Wirtschaftspolitik: Denkmalpflege alleine reicht nicht!

Kann man eine Büste aus Bronze politisch besudeln? Diese Frage drängte sich auf, als Katherina Reiche Montagnachmittag in Berlin die Rückkehr einer Ikone feierte. Über Jahre hatte eine Plastik von Ludwig Erhard im Wirtschaftsministerium unübersehbar das Foyer beherrscht. Da ruhte er und da wachte er, prüfte streng seine Nachkommen, mahnte still seine Nachahmer, der Meister und Hausgott und Maßstab vergangener Zeiten.
Als unantastbar und unvergleichlich galt das Erbe Ludwig Erhards seinen Verehrern. Bis Robert Habeck kam. Da ließ der Stifter das Kunstwerk lieber entfernen. Aus Protest gegen den Grünen. Aus Sorge um die politische Kontamination.
Der Auftritt von Habecks christdemokratischer Nachfolgerin Reiche, er ächzte deshalb geradezu unter der herbeizitierten Wende-Symbolik. Er entbehrte vor allem nicht einer gewissen Ironie: Es war Reiche, die Habeck bei der Amtsübergabe noch unmenschliche Leistungen attestiert hatte. Es ist Reiche, die nun den Industriestrompreis einführen will. Eine Idee Habecks, eine Subvention erster Güte.
Trotzdem kehrt der Erhard jetzt zurück. Zu ihr. Man merkt daran schon: Es ist kompliziert.
Nun darf eine Ministerin sich als Denkmalpflegerin betätigen, sich im Abglanz sonnen. In diesem Fall tut besonders Katherina Reiche seit Tag eins als Ministerin schließlich konsequent das, was sie an Tag eins angekündigt hat: Sie will wieder Marktwirtschaft wagen, die ordnungspolitische Tradition der CDU und ihres Hauses nicht nur pflegen, sondern damit – wenn nötig – buchstäblich zur Ordnung rufen.
Reiche kanzelt sozialstaatsgläubige Sozialdemokraten ebenso ab wie risikoscheue Unternehmer, die immer noch an Chinas Rohstofftropf hängen. Sie wagt es, die SPD-Rente mit 63 infrage zu stellen und zugleich die CSU-Mütterrente. Sie hadert hörbar mit einer Energiewende um jeden Preis. Sie warnt vor wachsenden Sozialleistungen und sinkender Wettbewerbsfähigkeit.
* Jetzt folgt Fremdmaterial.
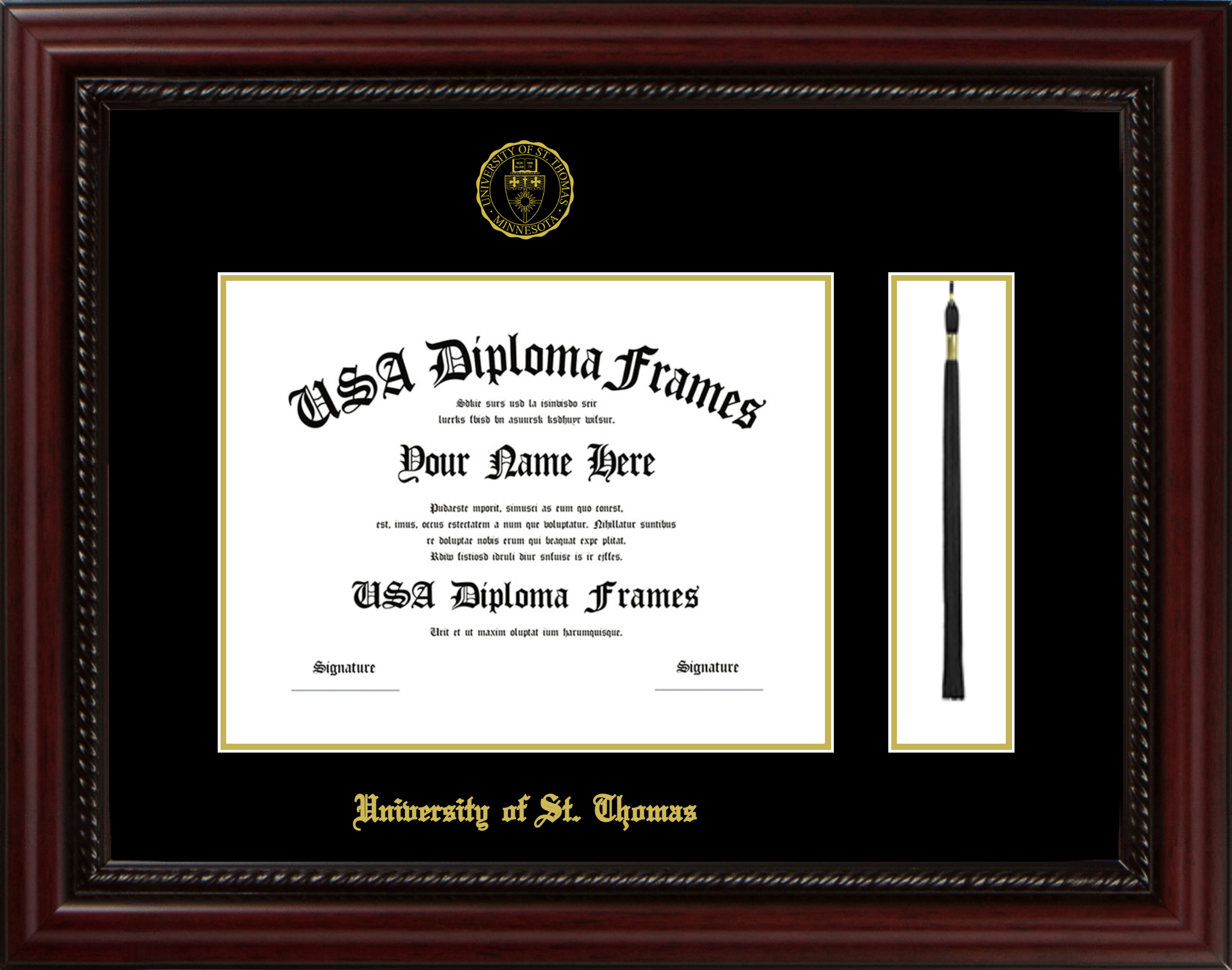 University of St. Thomas Diploma Frame with Tassel – Executive Cherry Rope – Black and Gold Mat

Kurzum: Katherina Reiche macht Katherina-Reiche-Sachen. Sie macht sich unbeliebt. Ist unbequem. Bleibt unerschrocken. Gut so. Fürs Erste.
Alleine wird das nichts
Man sollte allerdings sehr genau darauf achten, wer ihr beisteht. Der Kanzler und der wirtschaftsliberale Unionsflügel sind es jedenfalls nicht. Sie bleiben meistens seltsam stumm, wenn Reiche sich vorwagt. Es ist eben das eine, sich als mahnende Solitärin zu profilieren. Etwas anderes, zu überzeugen und mit Verbündeten eine Reformpolitik zu organisieren, die über den zaudernd-zögerlich-kompromissbehafteten Koalitionsvertrag hinausgehen könnte.
Die Wirtschaftsministerin spielt bis heute lieber für die Galerie, statt im Maschinenraum neue Mehrheiten zu sondieren. Wo ist – jenseits der Beifall erheischenden Prinzipientreue – ihr konkretes Reformpaket für den Standort Deutschland? Wo ihre wirtschaftspolitische Großantwort auf eine vermachtete Welt, in der Regeln nichts und Zugriff auf Ressourcen, Wissen, Technologie alles ist?
Die Traditionspflege überdeckt nur mühsam den Mangel: Anno 2025 müsste ihr für ein hochentwickeltes Industrieland mit wegbrechendem Geschäftsmodell mehr einfallen als „weniger Sozialstaat“. Wer laut „Agenda“ sagt, sollte außerdem wissen, dass er damit unnötigerweise Räume bei einem Koalitionspartner verengt, der noch gebraucht wird.
Ludwig Erhard konnte noch keine Vorbilder haben. Ein Gerhard Schröder kopierte mit seiner Agenda niemanden. Diese amtierende Bundesregierung wird den überbordenden Herausforderungen nicht gerecht, wenn sie nur weiter die Vergangenheit entstaubt – statt neue Kraft aus ihr zu schöpfen. Tradition verpflichtet – zu mehr.